What was Jaime saying now? His lips were still moving, though no sound seemed to come from his mouth. Jack disengaged from his reverie and stared at him. “Repeat that?” he said.

“How come we ain’t at least killed the abusador de ninos? He was at the whorehouse. We could have done it easy. Not even the policia would object to our killing such a man.”

“I don’t go in whorehouses,” Jack said. “Also, don’t speak to me of your policemen’s virtue. They’re jackals and will steal the coins off a dead man’s eyes. What none of you seems to recognize is that your country is ungovernable. Your national heroes are peons who decorated trees with the bodies of their fellow peons. Do not tell me what I should do and not do.”

“Senor Jack is very wise. We need to listen to him, Jaime,” Eladio said.

“But we keep playing games with gringos who should be food for worms,” Jaime said. “This man Holland is the enemy of Senor Jack, but we don’t do nozzing about him. Why not kill Holland? It would give me great pleasure to do this for Senor Jack. What is so special about this man?”

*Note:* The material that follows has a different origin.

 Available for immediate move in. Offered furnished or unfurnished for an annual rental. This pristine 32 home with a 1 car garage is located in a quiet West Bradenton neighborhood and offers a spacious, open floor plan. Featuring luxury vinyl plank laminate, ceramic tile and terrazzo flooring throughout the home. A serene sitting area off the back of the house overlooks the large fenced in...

Jack pulled the weed from Jaime’s mouth and tossed it to one side. “Do not refer to Sheriff Holland by his last name only. His name is Mr. Holland or Sheriff Holland. Do you understand that?” he said.

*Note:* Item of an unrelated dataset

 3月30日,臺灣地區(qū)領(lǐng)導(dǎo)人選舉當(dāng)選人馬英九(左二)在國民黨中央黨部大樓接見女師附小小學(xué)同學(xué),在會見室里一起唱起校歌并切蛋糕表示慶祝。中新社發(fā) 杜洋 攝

Jaime started to speak, but Eladio squeezed his arm. “You are a man of honor. We will always follow you and do as you tell us,” Eladio said.

“You wouldn’t josh a fellow, would you?” Jack said.

“We are hurt deeply when you talk like that to us, Senor Jack,” Eladio said.

“Really?” Jack said. He gazed out at the desert and the nighttime glow of a distant town in the clouds. “That flatters and humbles me. I declare, you boys are full of surprises.”

The two cousins waited for him to continue, neither of them meeting his eyes, Eladio’s hand still locked on Jaime’s forearm. “You didn’t develop laryngitis on me, did you?” Jack asked.

“We are simple men, boss,” Eladio said.

“That’s why I like you. That’s why I consider you not just friends but family. I wouldn’t offend either of you for the world.”

“Is true what you say?” Eladio asked.

“Cross my heart,” Jack replied, his teeth showing in the moonlight. “But right now I want to see what this hombre malo Negrito is doing. He’s a pistol, isn’t he? A man that keeps his own private burying ground. Y’all surely grow some strange critters down here.”